Location: Poultry ResearchTitle: Expression of chicken leukocyte cell-derived chemotaxin 2 in the embryonic bursa of Fabricius
|FELFOLDI, BALAZS - Mississippi State University|
|WANG, HUI - Mississippi State University|
|NUTHALAPATI, NIKHIL - Mississippi State University|
|TAYLOR, ROBERT - West Virginia University|
|Evans, Jeffrey - Jeff|
|BRANTON, SCOTT - Retired ARS Employee|
|PHARR, GREGORY - Mississippi State University|
Submitted to: International Journal of Poultry Science
Publication Type: Peer Reviewed Journal
Publication Acceptance Date: 11/29/2020
Publication Date: 1/24/2021
Citation: Felfoldi, B., Wang, H., Nuthalapati, N., Taylor, R.L., Evans, J.D., Branton, S.L., Pharr, G.T. 2021. Expression of chicken leukocyte cell-derived chemotaxin 2 in the embryonic bursa of Fabricius. International Journal of Poultry Science. 20:43-47. https://doi.org/=ijps.2021.43.47.
Interpretive Summary: A pleiotropic cytokine of unknown function named LECT2 was previously found associated with the bursa of Fabricius of embryo from a commercial layer chick. To help to determine the function of LECT2, expression analyses were performed. Results showed that the LECT2 gene is expressed at increased levels in B-cells during the early stages of bursa development. LECT2 may help the B-cells to localize in non-lymphatic tissue or tissue not responsible for producing antibodies or lymphocytes, but further research is needed to fully understand the role of the cytokine.

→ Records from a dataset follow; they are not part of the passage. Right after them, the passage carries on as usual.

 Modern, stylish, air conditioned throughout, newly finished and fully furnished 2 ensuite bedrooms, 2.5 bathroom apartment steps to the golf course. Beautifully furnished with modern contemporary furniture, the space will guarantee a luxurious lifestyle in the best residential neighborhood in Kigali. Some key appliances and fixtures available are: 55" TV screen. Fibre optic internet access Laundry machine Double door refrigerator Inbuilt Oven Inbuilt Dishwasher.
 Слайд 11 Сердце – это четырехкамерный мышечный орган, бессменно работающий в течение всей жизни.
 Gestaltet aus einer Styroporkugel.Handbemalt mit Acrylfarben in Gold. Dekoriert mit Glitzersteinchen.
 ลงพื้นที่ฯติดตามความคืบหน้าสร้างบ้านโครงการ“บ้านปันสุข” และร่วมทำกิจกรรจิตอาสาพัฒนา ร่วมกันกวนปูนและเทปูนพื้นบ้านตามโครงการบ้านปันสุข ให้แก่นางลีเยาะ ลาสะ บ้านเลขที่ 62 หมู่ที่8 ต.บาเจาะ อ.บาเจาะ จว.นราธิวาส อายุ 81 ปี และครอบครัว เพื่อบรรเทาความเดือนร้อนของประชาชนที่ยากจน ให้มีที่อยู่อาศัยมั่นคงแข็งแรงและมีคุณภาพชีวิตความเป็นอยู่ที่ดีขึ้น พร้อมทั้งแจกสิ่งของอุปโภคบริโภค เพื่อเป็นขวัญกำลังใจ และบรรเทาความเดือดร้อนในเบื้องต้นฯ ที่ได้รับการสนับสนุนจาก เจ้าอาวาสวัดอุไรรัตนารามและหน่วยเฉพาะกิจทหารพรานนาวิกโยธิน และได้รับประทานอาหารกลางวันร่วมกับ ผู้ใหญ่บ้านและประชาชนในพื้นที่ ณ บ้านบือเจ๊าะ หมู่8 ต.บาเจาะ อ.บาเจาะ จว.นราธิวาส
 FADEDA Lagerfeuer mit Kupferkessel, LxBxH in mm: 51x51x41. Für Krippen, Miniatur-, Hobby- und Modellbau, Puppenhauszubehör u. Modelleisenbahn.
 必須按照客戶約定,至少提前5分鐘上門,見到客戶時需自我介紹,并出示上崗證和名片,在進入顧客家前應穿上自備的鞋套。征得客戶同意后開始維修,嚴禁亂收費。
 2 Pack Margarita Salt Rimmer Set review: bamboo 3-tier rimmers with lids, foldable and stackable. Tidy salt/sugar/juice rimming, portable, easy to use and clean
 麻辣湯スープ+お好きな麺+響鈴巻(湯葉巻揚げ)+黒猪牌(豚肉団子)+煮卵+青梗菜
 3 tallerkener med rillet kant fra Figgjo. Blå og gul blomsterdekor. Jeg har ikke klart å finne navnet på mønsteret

Technical Abstract: A previous transcriptomics analysis identified the expression of a pleiotropic cytokine, termed leukocyte cell-derived chemotaxin 2 (LECT2) in the bursa of Fabricius of the chick embryo. However, a role for the LECT2 gene product in the bursal microenvironment is unknown at present. The goal for this research project was to validate the expression of the LECT2 gene at the mRNA and protein level in the chick embryo bursa. The LECT2 gene transcript levels were determined by quantitative PCR with RNA derived from embryonic B-cells isolated at two different periods of bursal development. Whole protein extracts from the embryonic bursa were evaluated by mass spectrometry. Expression of the LECT2 gene is significantly higher in B-cells from the early stage of bursal development. Mass spectrometry analysis revealed 9 different peptides from the LECT2 protein in the same embryonic period. Conclusion: The LECT2 gene is expressed at both the mRNA and protein level in the early period of bursa development. We postulate that LECT2 may contribute to B-cell migration into microenvironments established by non-lymphoid cells.